Let us know if you need help with that.

-psp-
__________________
JD Supporter, Plugin Dev. & Community Manager

Erste Schritte & Tutorials || JDownloader 2 Setup Download
Spoiler:

A users' JD crashes and the first thing to ask is:
Quote:
Originally Posted by Jiaz View Post
Do you have Nero installed?

Last edited by pspzockerscene; 20.01.2022 at 17:59. Reason: Added missing LinkCrawler rules support article hyperlink
Reply With Quote
  #3  
Old 19.01.2022, 19:58
annodominus annodominus is offline
Modem User
 
Join Date: Aug 2021
Posts: 3
Default

Hi psp, thanks for your response. Where should I even begin taking a look at implementing this function :S - any help would be appreciated!

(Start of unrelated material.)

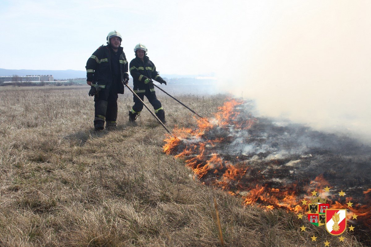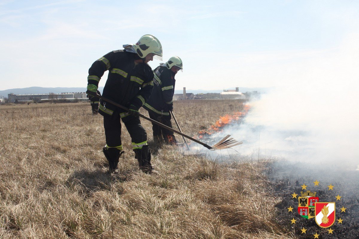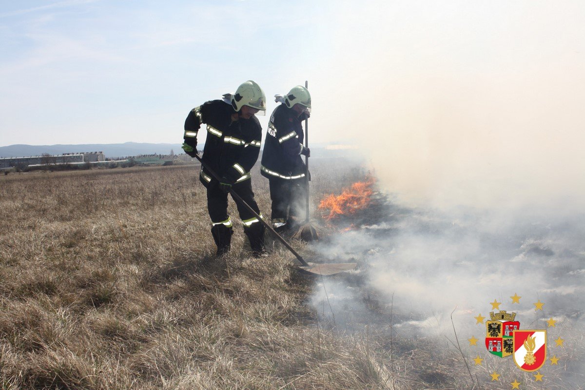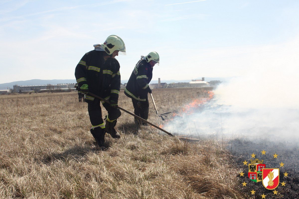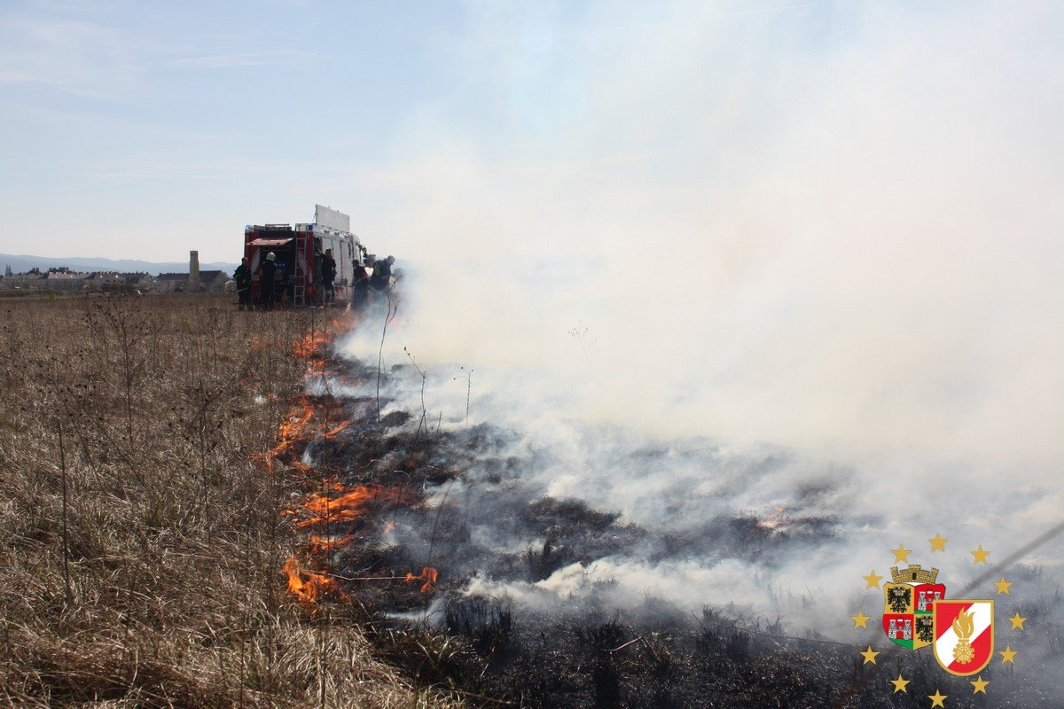 Teilweise unter schwerem Atemschutz wurde mit mehreren Rohren, Wasserwerfern und Feuerpatschen der Brand eingedämmt. Der starke Wind fachte nicht nur das Feuer immer wieder frisch an. Dieser trieb auch die Flammen in einer enormen Geschwindigkeit voran. Durch den raschen Einsatz der Feuerwehren am Nordende des Brandes wurde ein Übergreifen auf den nahen Föhrenwald verhindert. Der gemeinsame und koordinierte Einsatz der sieben Freiwilligen Feuerwehren und der Flugfeldfeuerwehr des Österreichischen Bundesheeres mit insgesamt elf Tanklöschfahrzeugen, zwei Großtanklöschfahrzeugen und zwei Flugfeldlöschfahrzeugen zeigte nach zwei Stunden Einsatz Wirkung.

I think the key functions I'm trying to do are:
1) Handle the 'autoscroll' so that JDownloader doesn't only see the first few results
2) Download the image/video that is magnified when clicking on the link (instead of the small thumbnail shown on the page)
Reply With Quote
  #4  
Old 20.01.2022, 17:59
pspzockerscene's Avatar
pspzockerscene pspzockerscene is offline
Community Manager
 
Join Date: Mar 2009
Location: Deutschland
Posts: 70,922
Default

Hi again,

Quote:
Originally Posted by annodominus View Post
any help would be appreciated!
Sorry I forgot to hyperlink our support article in the last post (just fixed that) - here it is:
https://support.jdownloader.org/Know...kcrawler-rules

Quote:
Originally Posted by annodominus View Post
1) Handle the 'autoscroll' so that JDownloader doesn't only see the first few results
That's not possible using our simple LinkCrawler Rules.
Use external browser/addons/scripts for this e.g. scroll all the way down, then use the addon "Link Gopher" to get all URLs.

Quote:
Originally Posted by annodominus View Post
2) Download the image/video that is magnified when clicking on the link (instead of the small thumbnail shown on the page)
We'll get to that later.

I'm still not sure if I understood this website.
Where does the content come from?
It seems like a lot of content is just from reddit.com?
That's kinda strange but nice if you only look at the technical aspect:
We already have plugins for reddit if all of that content links to reddit, the easiest way might be to find those "original" reddit URLs and the rest will be auto done by our reddit crawler...

-psp-
__________________
JD Supporter, Plugin Dev. & Community Manager

Erste Schritte & Tutorials || JDownloader 2 Setup Download
Spoiler:

A users' JD crashes and the first thing to ask is:
Quote:
Originally Posted by Jiaz View Post
Do you have Nero installed?
Reply With Quote
  #5  
Old 21.01.2022, 17:40
annodominus annodominus is offline
Modem User
 
Join Date: Aug 2021
Posts: 3
Default

Thanks again for your response!

As far as I understand how this site works, it basically acts like an aggregator and archiver of nsfw content on reddit. Other than its image-focused UI, its main features that make it work better than normal reddit browsing (and likewise JD's crawler for reddit):
- It already pre-filters out the huge amount of duplicates that some posters might have tendency to spam/cross-post across numerous subreddits or re-post over time
- It pre-filters out non-nsfw content that users mix in with their posts
- It archives content that might have been deleted and lost (by the original poster, by subreddit moderators, etc.)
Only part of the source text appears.